Кольцов глянул на крупную кость в руке у Коленьки и отступил на пару шагов.
Погубили меня
Твои чёрны глаза,
В них огонь неземной
Жарче солнца горит!
Омрачитесь, глаза,
Охладейте ко мне!
Ваша радость, глаза,
Не моя, не моя!..
Прасол дочитал до конца. Молчание после этого нарушил Грановский:
– Ты в Москве бываешь, мужик?
– Пока не довелось, Ваше благородие.
Словно встрепенувшись, отложил кость на поднос Коленька:
– Ты вот что, прасол... Кольцов, говоришь?.. Так вот, Кольцов. Плюнь на своих коров и в сентябре найди меня в Москве. Будем печатать твои стихи.
– Мо... мои..? – тихо переспросил прасол.
– Да, твои, твои, – заверил его уже Грановский. – И, повернувшись к товарищам, продолжил: – Представляете фурор, который мы произведём именем мужика в литературе? Такого прежде не случалось. Да мы на нём себе такую славу сделаем, что Пушкину и не снилось!
– А коров мы у тебя купим, – потерял интерес к прасолу Коленька. – Поди к управляющему и моим словом вели взять пару голов. Ступай.
Прасол вышел, пятясь задом к двери. Он до последнего шага не отводил взгляда от крупной кости на подносе.
Друзья же продержались в Удеревке, изнывая от безделия, ровно три дня. Тщетно они бродили между пыльными хатами, зря до одури купались в Тихой Сосне.

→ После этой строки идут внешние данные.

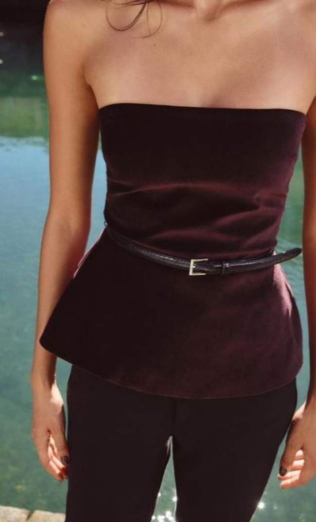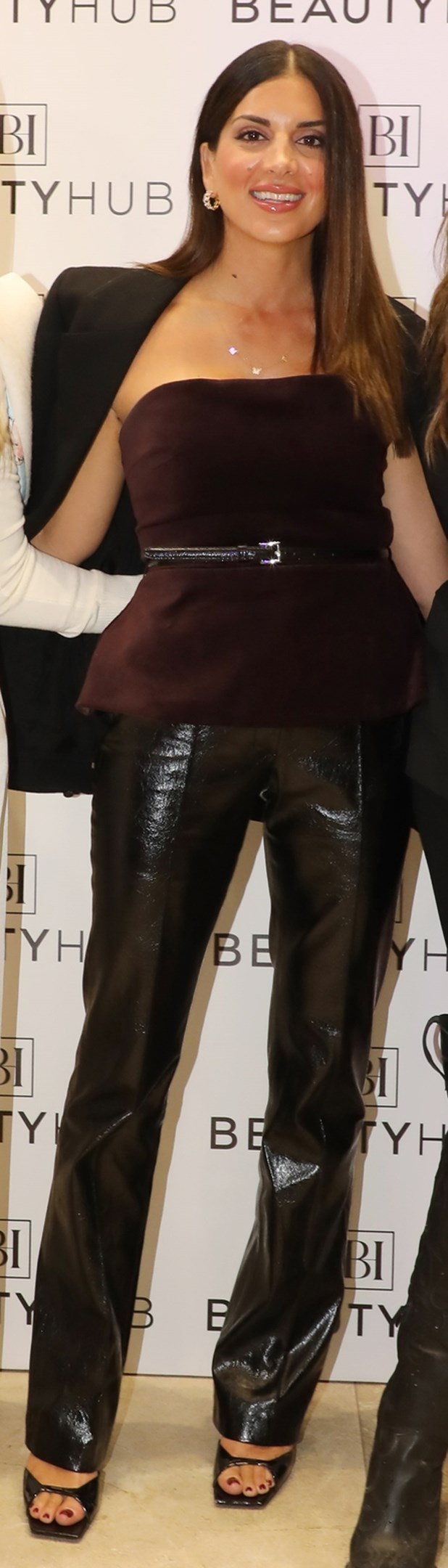 Η παρουσιάστρια επέλεξε ένα εντυπωσιακό outfit, με κύριο κομμάτι ένα βινύλ παντελόνι, το οποίο συνδύασε άψογα με ένα βελούδινο στράπλες τοπ από την αλυσίδα καταστημάτων Zara. Το μεσάτο τοπ, το οποίο περιλαμβάνει μια κομψή, λεπτή ζώνη στη μέση, ανήκει στη νέα συλλογή Zara και διατίθεται στην τιμή των 25,95 ευρώ.

Удеревка словно вымерла. Иногда прошмыгивали по улице тени, но даже на покосе работали только мужики, да зрелые бабы.
По полудни третьего дня выехали в барском рыдване на большак. Ехали без кучера, с вожжами сидел Грановский. Большая тень бежала рядом с рыдваном, и казалось, что управляет повозкой огромный чёрный гриб.
Уже за последней хатой неожиданно под бричку выбежала большая толстопятая девка. Студенты соскочили на землю и принялись ловить девку в шесть рук. Скоро они зажали её и увлекли за собой в рыдван. И долго ещё у крайней хаты слышался угасающий женский визг. То ли плачущий, то ли смеющийся...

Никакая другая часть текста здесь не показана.